- [THE PROBLEM]: Using the data below, transcribe exactly everything from the line that contains "在 63.20 之下,看跌,目标价位为 62.20 ,然后为 61.65 。" down to the line that contains "第二回合如果一张好蓝或者夫人". Include both of those lines and none of the pictures.

- [DATA]:
:::

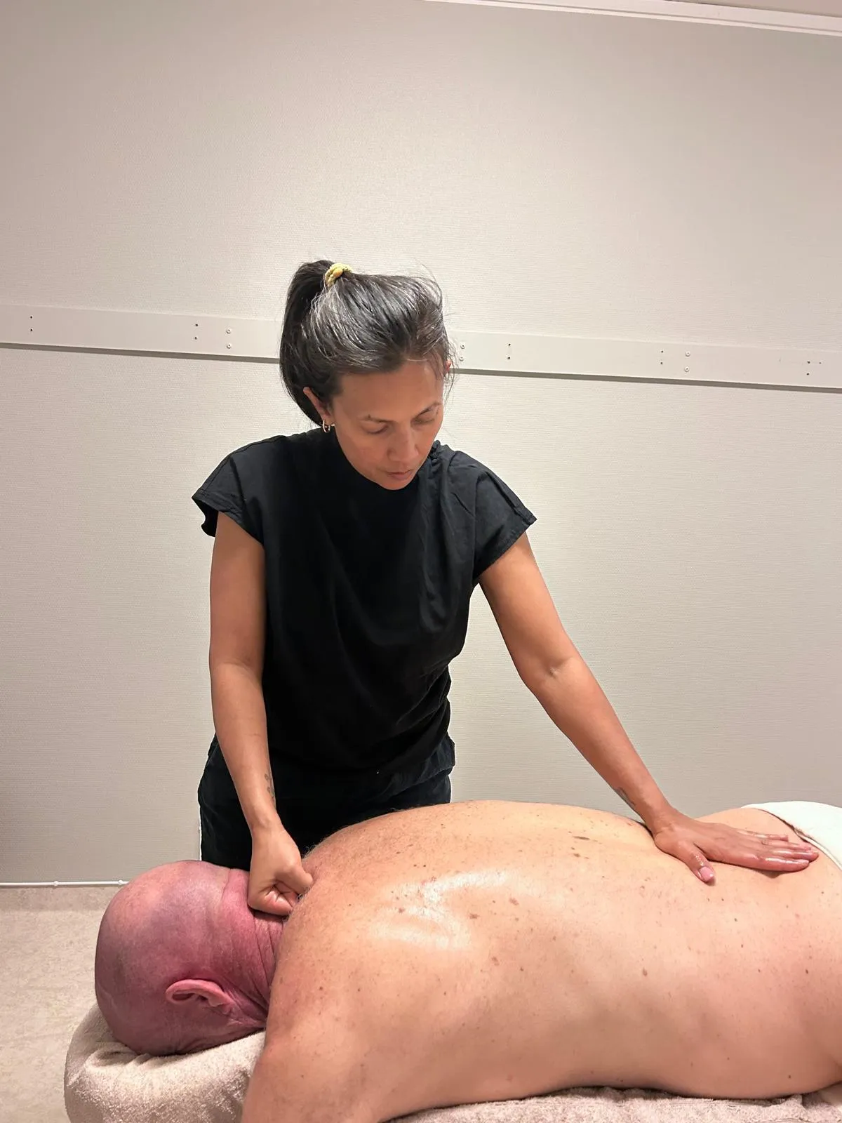 Under ryggmassagen löser jag upp spänningar med djupa och mjuka grepp, ökar blodcirkulationen och frigör stelhet så att du känner dig avslappnad och rörligare.
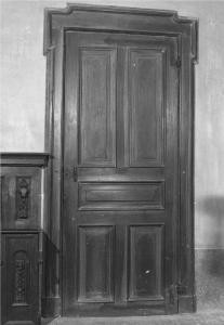 Semplice porta di massello di noce colore naturale lucidato, decorata con cinque semplici formelle per lato, di diversa dimensione, la centrale in posizione orizzontale, poste entro cornicette rilevate e decorate con specchiature in leggero rilievo, stipite coevo di massello di noce sagomato nella parte superiore, rinforzata con parti di ferro, cardini e serrature coevi (qualcuna lacunosa).
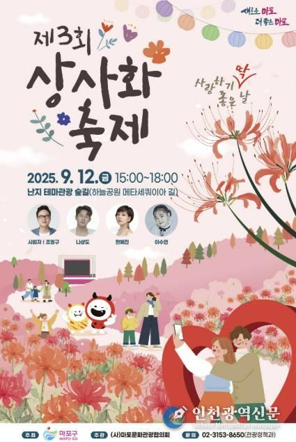 [인천광역신문] 최훈 기자 | 마포구는 9월 12일 난지 테마관광 숲길에서 ‘사랑하기 딱 좋은 날’이라는 주제로 (사)마포문화관광협의회 주관 ‘제3회 마포구 상사화 축제’를 개최한다.
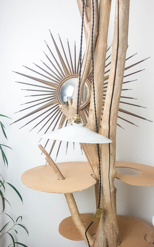 Suspension vintage en verre dépoli et laiton étoile
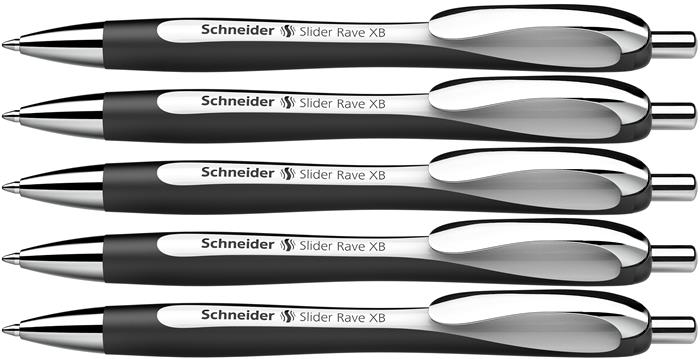 Golyóstoll, 0,7 mm, nyomógombos, SCHNEIDER "Slider Rave XB", fekete-fehér, kék
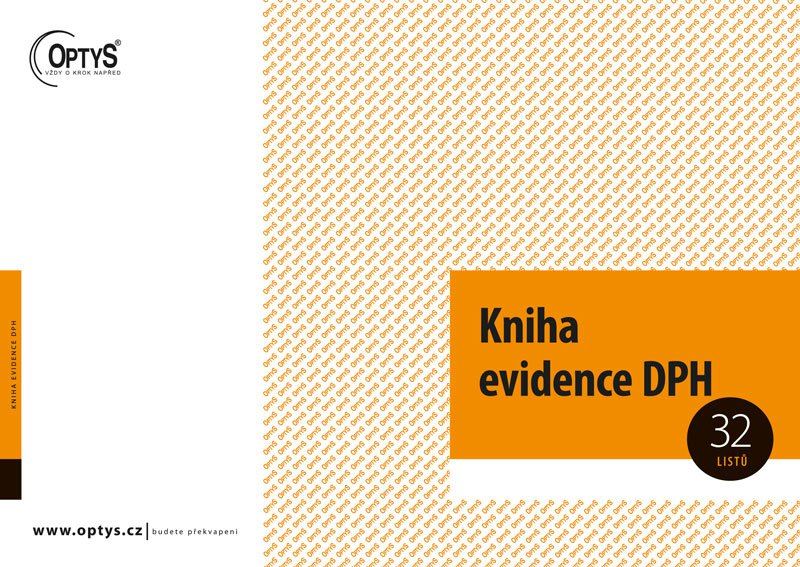 Kniha evidence DPH A4 OP 1019. Nepropisující tiskopis. Formát A4 na šířku. Oranžová obálka. 32 listů.
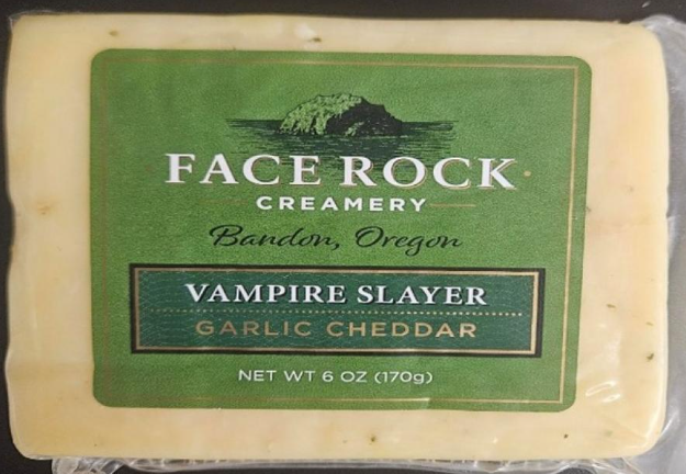 On November 14, 2025, Face Rock Creamery LLC of Bandon, OR, recalled 16 6 oz. Units of Vampire Slayer Garlic Cheddar with a use-by date of 11/04/26 because it has the potential to be contaminated with Listeria monocytogenes. The company initiated the recall due to the FDA environmental sample identified the presence of Listeria monocytogenes in the processing area where this cheese was packaged. The finished product has not tested positive for any contaminants. The affected Vampire Slayer Cheddar Block with a use-by date of 11/04/26 was sold exclusively at the Face Rock Flagship store located at 680 2nd St. SE, Bandon, Oregon. Approximately 16 units were sold between November 10 at 3:30 pm PT and November 13, 2025, at 3:30 pm PT. @ https://www.fda.gov/safety/recalls-market-withdrawals-safety-alerts/face-rock-creamery-llc-recalls-6oz-vampire-slayer-garlic-cheddar-because-possible-health-risk
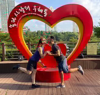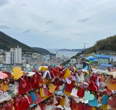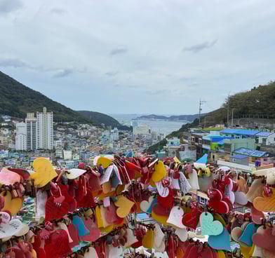 The cute or romantic setups paired quite seamlessly with an apparent national obsession with romance. Once again France has nothing on Korea in this arena. At many scenic hilltops, coast-lines, or even museums, you would find vending machines selling love locks (aka small, often heart-shaped padlocks) that lovers could buy and lock to adjacent fences, bridges, etc. Said lovers are frequently wearing matching outfits (in some case identical), which is quite the trend here. Add to this that eating alone is frowned upon.3 Often this romantic bent was enjoyable if a bit kitschy for Shadie and I, but, man, I thought being singleton in the US was rough, and so can't imagine how brutal it would be here!
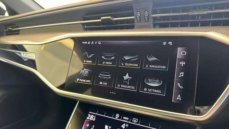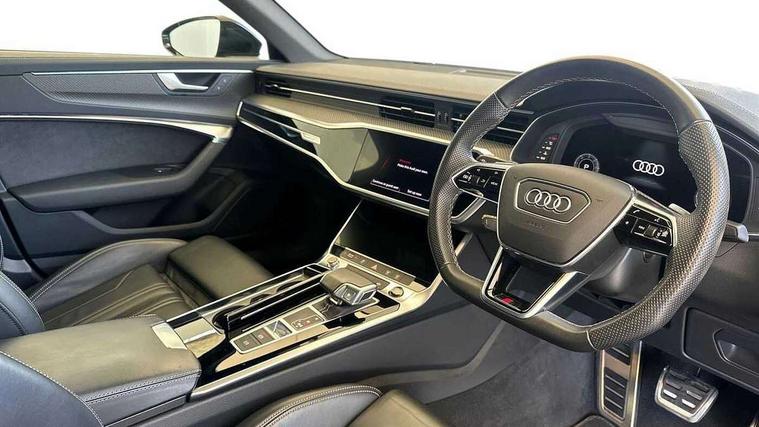Matt brushed aluminium dark inlays, LED Interior Ambient Lighting Pack - A6, Non smoking pack - A6, 20" 5 V spoke star design Audi sport cast aluminium alloy wheels in matt titanium look, Anti theft alarm with tow away protection, Anti-theft wheel bolts and wheel loosening detection, Immobiliser, Keyless Go, Remote central locking, Audi music interface, Audi sound system, Auxiliary input socket, DAB Digital radio, USB connection, 3 point seatbelts on all seats, Airbags - Front side, front and rear including head, Audi pre-sense front, Black seatbelts, EBD - Electronic brakeforce distribution, Electromechanical parking brake, Electronic Stability Control (ESC) including ABS, ASR and EDL, Extended pedestrian protection measures, Seatbelt monitoring, Tyre pressure warning light, Warning triangle and first aid kit, Electric front/rear windows, Frameless auto dimming interior rear view mirror, Gloss black exterior mirror housings, Gloss black highlights on the exterior area of the Audi Single frame, Gloss black highlights on the front and rear bumpers, Gloss black highlights on the radiator grille, Gloss black highlights on the side windows trim strips, Headlight washers, Heat insulating glass in side and rear windows, Heat insulating glass in windshield, LED rear lights, LED signature front daytime running light, Matrix LED headlights with dynamic rear indicators, Matt black rear diffuser with diffuser strip and tailpipes in chrome, Matt black side air intake grille with inlay in matt aluminium, Privacy glass, Rain and light sensors, Signature rear LED light design, 2 zone deluxe electronic climate control, 4 way electric lumbar support for driver and front passenger, 40/20/40 split folding 3 rear seat bench in 3 parts with rear centre armrest, Black cloth headlining, Electrically adjustable front seats with driver memory, Front centre armrest, Front head restraints, Front/rear floor mats, Heated front seats, Height/reach adjust steering wheel, Illuminated door sill trims with S logo, Illuminated sun visors with vanity mirrors, ISOFIX child seat mounting and Top Tether with front passenger airbag deactivation, Leather gear knob, Rear headrests, Stainless steel pedals and foot rest, Tool kit and car jack, 7" high resolution colour driver information display system, Audi connect safety and service (e-call), Audi drive select, Audi parking system plus - acoustic and visual park assist system for front and rear, Audi smartphone interface, Automatic start/stop system with coasting functionality, Bluetooth interface, Electric boot lid release, Lane departure warning system, MMI navigation with MMI touch + twin touch screens 8.8" and 8.6" with haptic and acoustic feedback, Progressive steering, Rear view camera, Service interval indicator, Voice control system, 12V Mild hybrid, 24 litre AdBlue tank, Diesel particulate filter, Quattro on demand, Sports suspension,
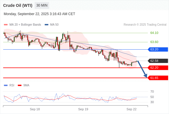 在 63.20 之下,看跌,目标价位为 62.20 ,然后为 61.65 。
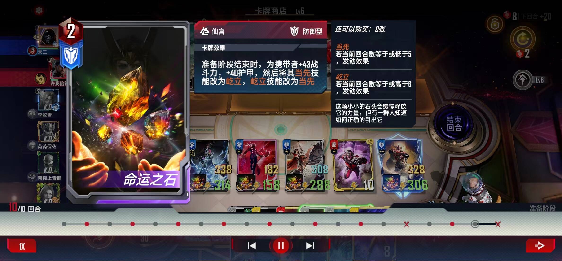 第二回合如果一张好蓝或者夫人或者钢铁侠都没有,就D一次,赌霍根或命石,然后再上3,前期就是战斗力越强越好但是命石更重要,有命石就有战斗力,前期降速的情况下,前期多找命石是很舒服的。如果二回合能有两张以上命石就很难输了。
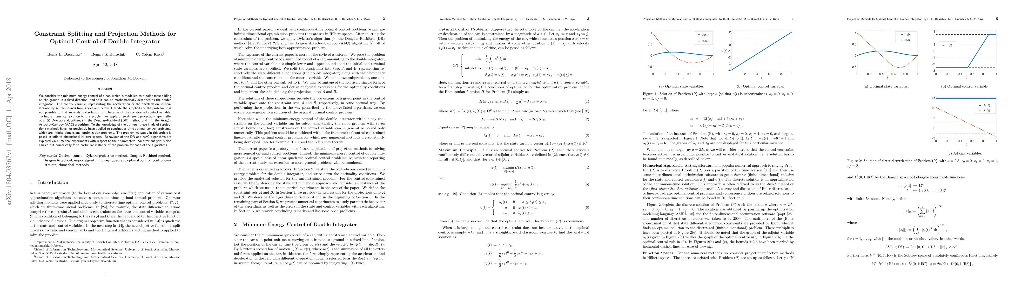We consider the minimum-energy control of a car, which is modelled as a point mass sliding on the ground in a fixed direction, and so it can be mathematically described as the double integrator. The control variable, representing the acceleration or the deceleration, is constrained by simple bounds from above and below. Despite the simplicity of the problem, it is not possible to find an analytical solution to it because of the constrained control variable. To find a numerical solution to this problem we apply three different projection-type methods: (i)~Dykstra's algorithm, (ii)~the Douglas--Rachford (DR) method and (iii)~the Arag\'on Artacho--Campoy (AAC) algorithm. To the knowledge of the authors, these kinds of (projection) methods have not previously been applied to continuous-time optimal control problems, which are infinite-dimensional optimization problems. The problem we study in this article is posed in infinite-dimensional Hilbert spaces. Behaviour of the DR and AAC algorithms are explored via numerical experiments with respect to their parameters. An error analysis is also carried out numerically for a particular instance of the problem for each of the algorithms.

:::

- [SOLVED PROBLEM]:
 在 63.20 之下,看跌,目标价位为 62.20 ,然后为 61.65 。
 第二回合如果一张好蓝或者夫人或者钢铁侠都没有,就D一次,赌霍根或命石,然后再上3,前期就是战斗力越强越好但是命石更重要,有命石就有战斗力,前期降速的情况下,前期多找命石是很舒服的。如果二回合能有两张以上命石就很难输了。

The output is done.